(Given data begins)
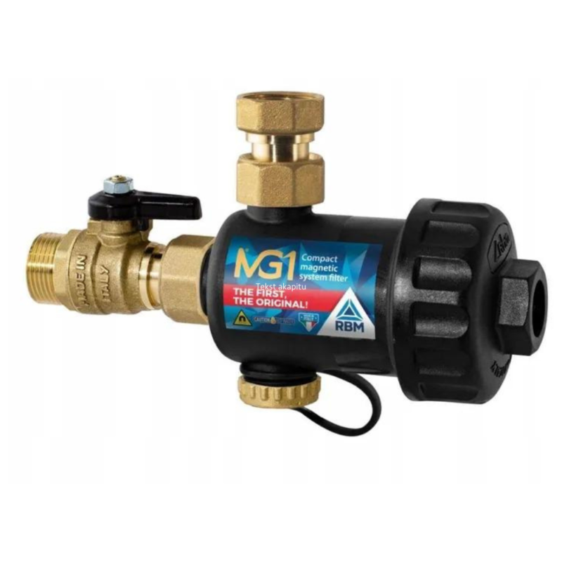 Filtr magnetyczny „MG1” instalacji c.o. do montażu pod kotłem chroni instalacje centralnego ogrzewania przed korozją i wydłuża żywotność kotła – przechwytuje zanieczyszczenia magnetyczne i niemagnetyczne podczas normalnej pracy.
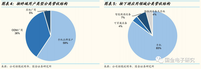 公司产品主要应用于手机领域,充分受益手机快速迭代下芯片需求增长。公司营收按终端用户类型分类主要集中在手机品牌客户和ODM厂商中,2020年H1两者合计占比95%;按下游应用领域分类,公司营收主要集中在手机领域,占比为85%,在可穿戴设备、智能便携设备、物联网设备等领域占比约15%。公司产品在手机领域应用比例较高主要系手机出货量和市场规模远大于其他类型电子设备,并且手机产品所需芯片数量多且种类丰富,快速迭代为国产化替代带来较多机遇。
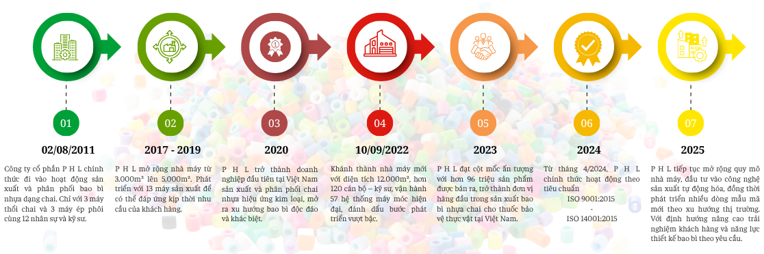 Trải qua hơn một thập kỷ phát triển, P H L không ngừng đầu tư công nghệ, mở rộng quy mô sản xuất và hoàn thiện hệ thống quản lý chất lượng, hướng tới mục tiêu trở thành đơn vị dẫn đầu ngành bao bì nhựa tại Việt Nam và khu vực Đông Nam Á.
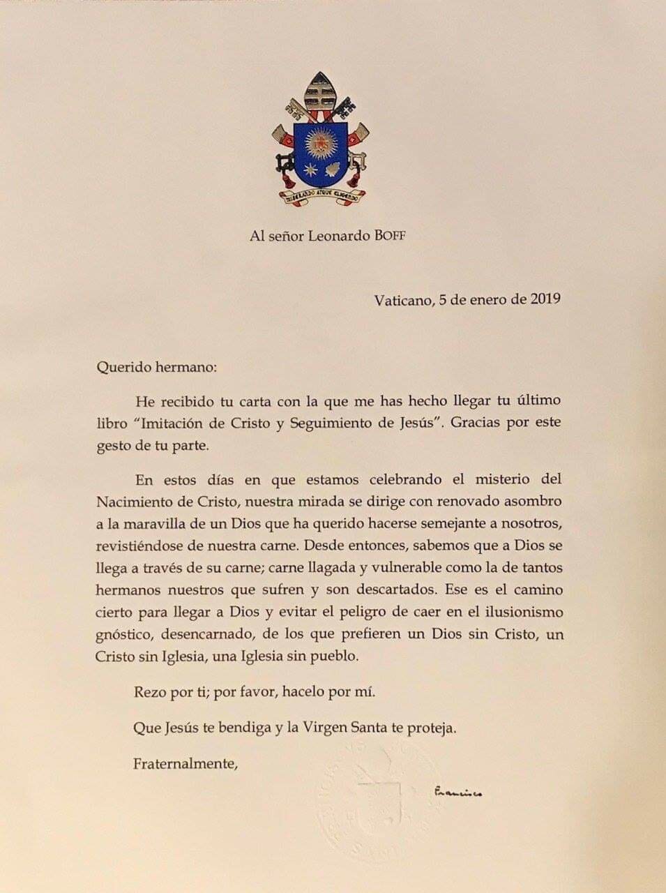 Sale a la luz una nueva carta de Francisco a Leonardo Boff, uno de los teólogos marxistas padres de la teología de la liberación; lo que sigue poniendo de manifiesto la relación de cercanía existente entre Bergoglio y el teólogo brasileño. El motivo de la carta, fechada el 5 de enero, es agradecerle la anterior de Boff, junto a la que le enviaba su último libro, “Imitación de Cristo y Seguimiento de Jesús”.
(Given data ends)
● **Prompt**
Starting at the first line of the data, set down each line exactly until you have copied the line with "Trải qua hơn", but leave the pictures out.

● **Task response**
 Filtr magnetyczny „MG1” instalacji c.o. do montażu pod kotłem chroni instalacje centralnego ogrzewania przed korozją i wydłuża żywotność kotła – przechwytuje zanieczyszczenia magnetyczne i niemagnetyczne podczas normalnej pracy.
 公司产品主要应用于手机领域,充分受益手机快速迭代下芯片需求增长。公司营收按终端用户类型分类主要集中在手机品牌客户和ODM厂商中,2020年H1两者合计占比95%;按下游应用领域分类,公司营收主要集中在手机领域,占比为85%,在可穿戴设备、智能便携设备、物联网设备等领域占比约15%。公司产品在手机领域应用比例较高主要系手机出货量和市场规模远大于其他类型电子设备,并且手机产品所需芯片数量多且种类丰富,快速迭代为国产化替代带来较多机遇。
 Trải qua hơn một thập kỷ phát triển, P H L không ngừng đầu tư công nghệ, mở rộng quy mô sản xuất và hoàn thiện hệ thống quản lý chất lượng, hướng tới mục tiêu trở thành đơn vị dẫn đầu ngành bao bì nhựa tại Việt Nam và khu vực Đông Nam Á.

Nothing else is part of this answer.